Unlike diesel locomotives that run equally well in either direction, most steam locomotives were designed to pull trains in only one direction, which meant that they often needed to be turned to face in the direction they would leave the adjacent Spencer Yard. Thus, the center of the roundhouse was a new 100-foot turntable, and all roundhouse tracks radiated from it, including some known as garden tracks.

The turntable, which rotated 360 degrees about a central spindle, was also supported at each end by wheels rolling on a circular rail in the floor of a 101-foot-diameter concrete pit. Designed by the railway’s engineering staff and fabricated at Spencer, the new turntable was similar to a deck-plate-girder bridge.  It was powered by two 25-horsepower alternating current electric motors.  Wooden walkways with metal handrails extended along both sides of the track, and a small cab at one end enclosed the simple controls.

The Southern Railway spared no expense in constructing the Robert Julian Roundhouse and turntable. The estimated final cost of the project, completed in December 1924, was approximately $500,000.

Roundhouse Restoration

With most of the Spencer Shops complex closed and abandoned by 1977, the North Carolina Department of Cultural Resources proposed the concept of creating a museum at the site that would focus on the state’s transportation history.  The Southern Railway found the concept attractive and donated most of the old back shop and its land to the state for the project.  After the completion of Linwood Yard two years later, the company donated the remaining buildings and 57 additional acres of land.

The Department of Cultural Resources (now the Department of Natural and Cultural Resources), along with a non-profit support organization, the North Carolina Transportation History Corporation (now the North Carolina Transportation Museum Foundation), began the long task of finding the funds needed to restore and rebuild the shops, as well as locate historic items for display.  While some critical work was done soon after acquisition that enabled the North Carolina Transportation Museum to open in 1980, the funds needed for renovation were slow in coming.  Area volunteers stepped in to do all they could, contributing thousands of hours to the effort.

Workers examine the roundhouse in preparation for its renovation in the early 1990s.

The Bob Julian Roundhouse today stands as a focal point of the North Carolina Transportation Museum. The largest still functioning roundhouse in North America, it currently houses some of the Museum’s rolling stock as well as exhibits.

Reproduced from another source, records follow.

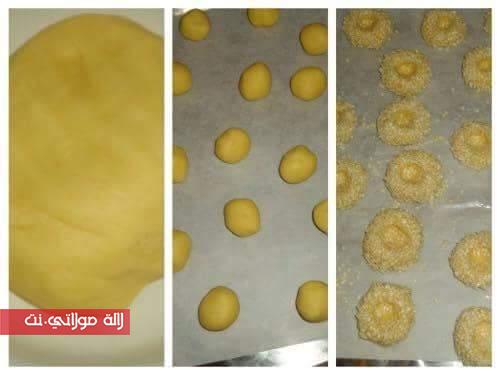 نشكل كورات ونغمسها في بياض البيض ونلفها في الجنجلان
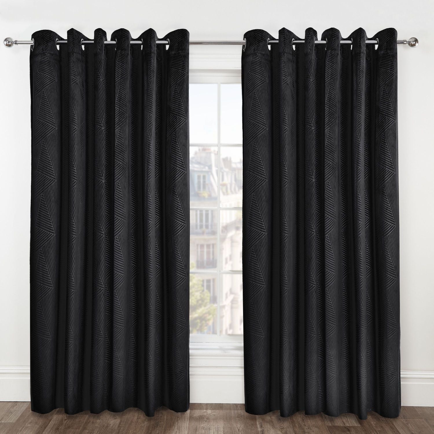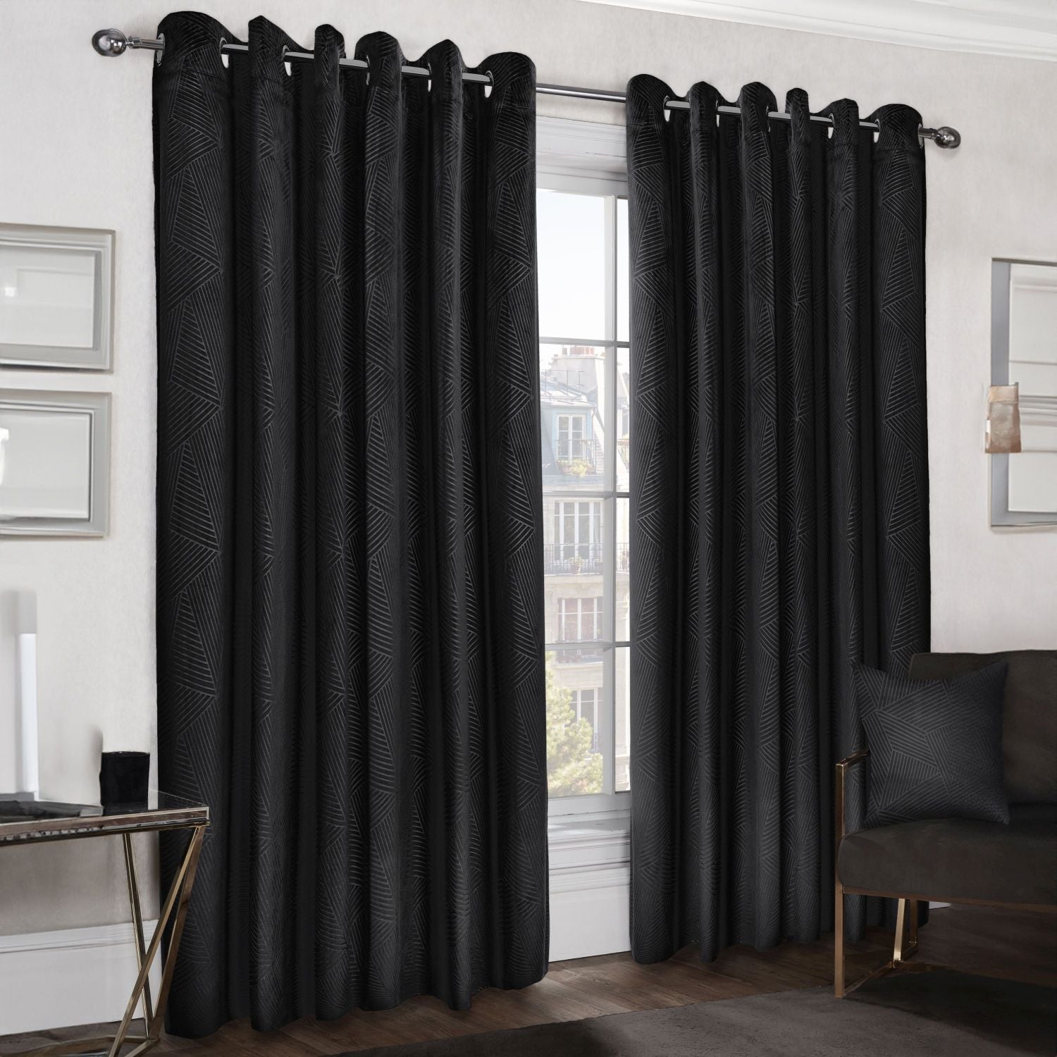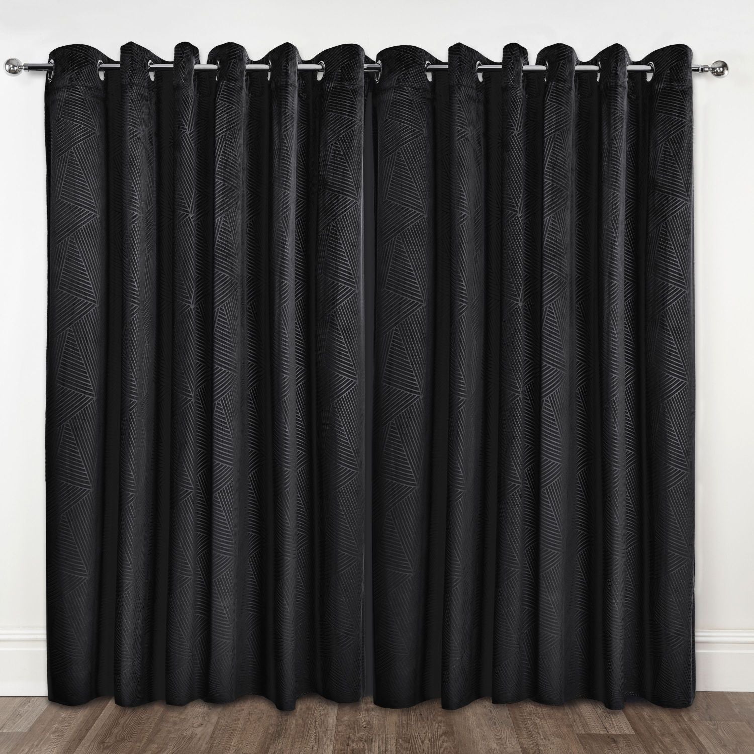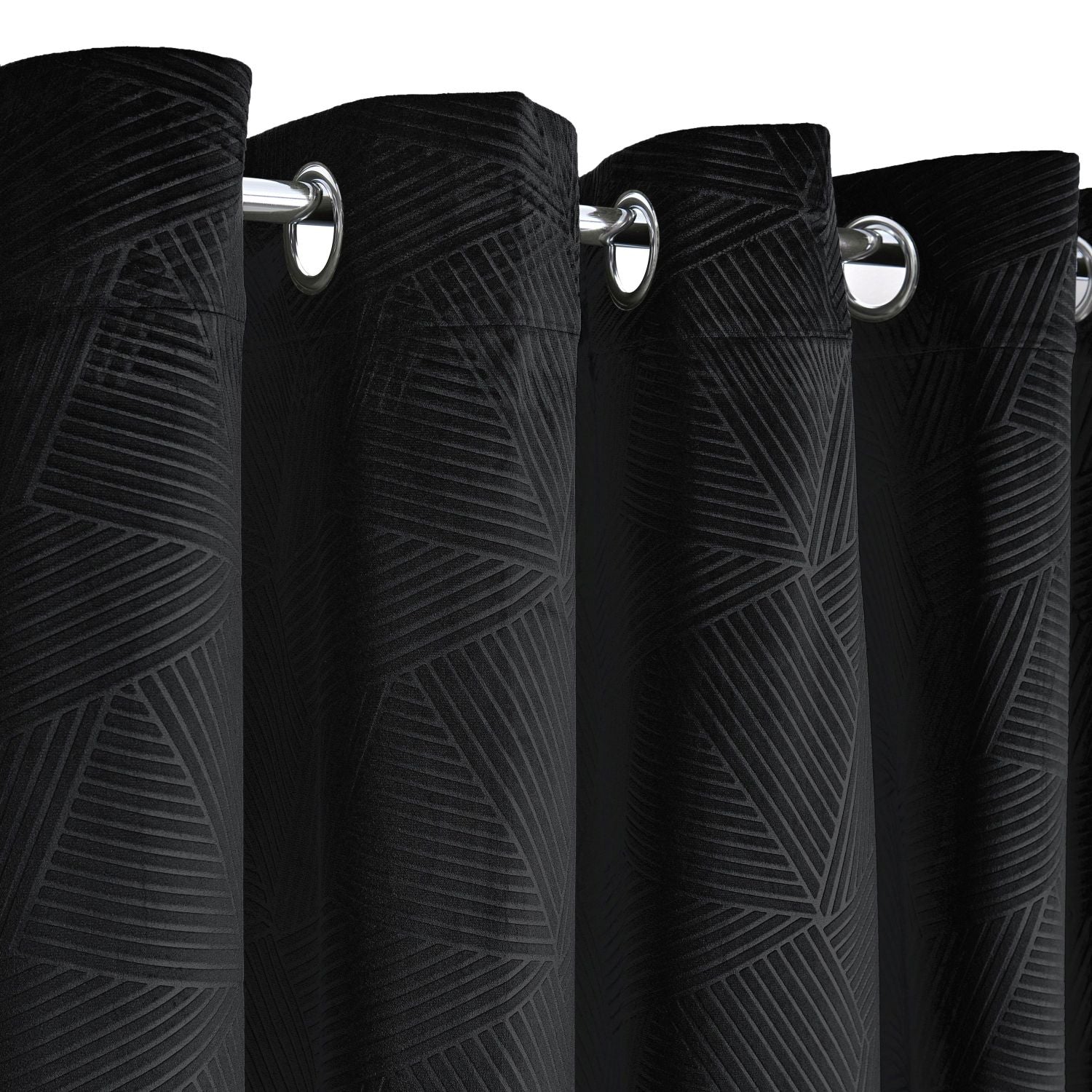 Midnight Black Embossed Velvet Thermal Blackout Eyelet Curtains
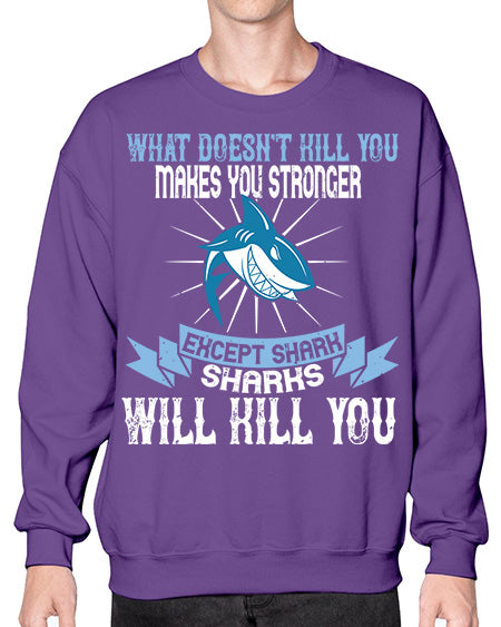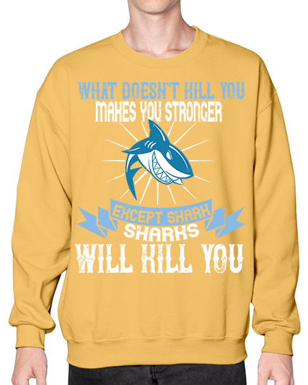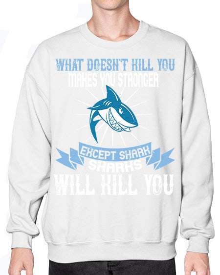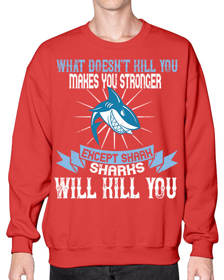 what doesnt kill you makes you stronger except shark sharks will kill you Style 4# - shark-fish- Sweatshirt - Crew

The Bob Julian Roundhouse has hosted many special events, including the 2014 Streamliners At Spencer, which featured numerous streamlined locomotives from across the country.

Restoration finally began on the Bob Julian Roundhouse and Turntable in 1994, with the help of grants and funds from the Intermodal Surface Transportation Efficiency Act (ISTEA). Also, a fundraising campaign called “Building on the Past, Looking to the Future” showcased the museum’s role as an economic tool, resulting in a large number of public donations to the roundhouse project. In the end, the North Carolina Transportation History Corporation, state government, individuals, corporations, and foundations pumped some $8 million into the project to revitalize the roundhouse, the turntable, and other areas of the museum. As work continued through 1995, state officials awarded the project an extra $1.6 million. The revitalization of the roundhouse and turntable was completed in September 1996.

The museum and its collection have continued to grow and develop, while equipment used on the museum’s on-site train ride are maintained in the roundhouse.  The Bob Julian Roundhouse now features an orientation gallery, rolling stock on display, an aviation gallery including a full-sized replica of the Wright Brother Flyer, a Spencer worker exhibit in the former washrooms where workers once cleaned up, the office where employees received work orders, over 8,000 square feet of exhibit space, the still-active stalls where visitors can view volunteers working on the museum’s rail equipment, and the completely restored 100-foot turntable.  Rides on the turntable are available, but locomotives still have priority.